• [Entries shown]:
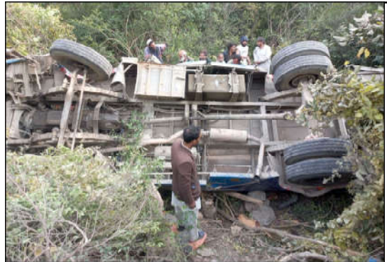
HARIPUR: People rescue victims of a passenger bus accident at a road, as a passenger bus fell into a ravine in Sarbrot area of Haripur, more than 12 people died and 15 people were injured.
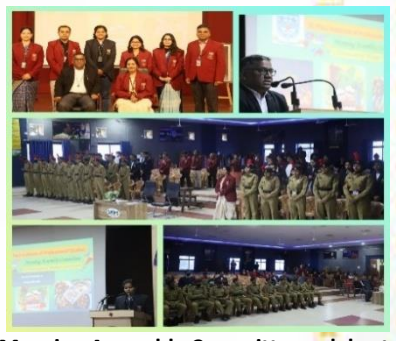
Morning Assembly Committee celebrated Makar Sankranti
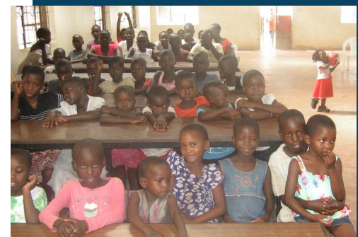
Eager & energetic - the children gather in the dining room
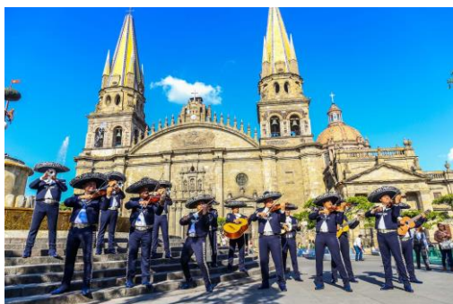
Experience the International Festival of Mariachi in Guadalajara

Mariachis and Tequila are brought together in the central-western part of Mexico, geographic point where the state of Jalisco is located, with its kind lands that have become a synonym of Mexicanity. A trip through some of the corners of Jalisco can become an exciting adventure, like performing various ecotourism activities such as camping and water sports, which allow an approach with nature.
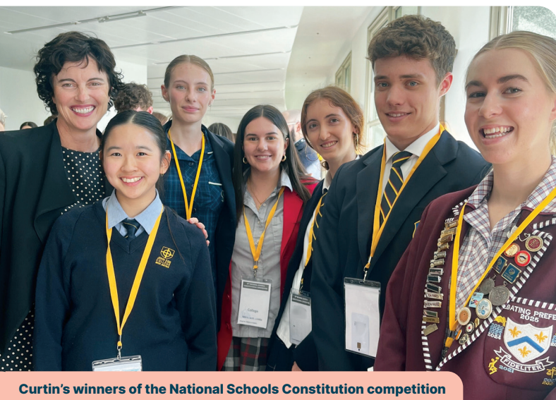
Curtin's winners of the National Schools Constitution competition

If you want to protect your personal information, apply for a postal vote via aec.gov.au
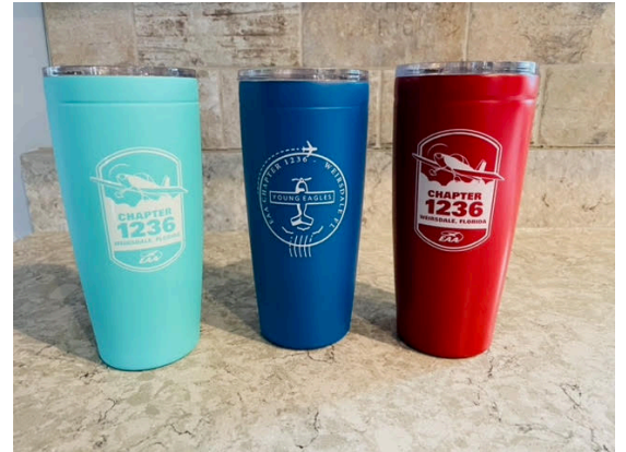
Our new mugs include the Young Eagles logo flip side of our chapter logo. $20 - A portion of the sales go to our donation fund for young men & women who would like to be pilots and/or mechanics.
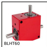
Right angled gearbox, from 26 to 70 Nm
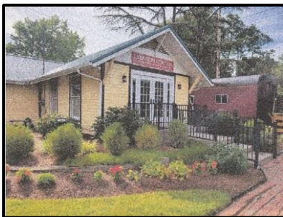
Town & Country Garden Club - Lebanon OH

• [Assignment]: Please give, as a bare number, how many lines in the listing above contain "like".

• [Solution]: 2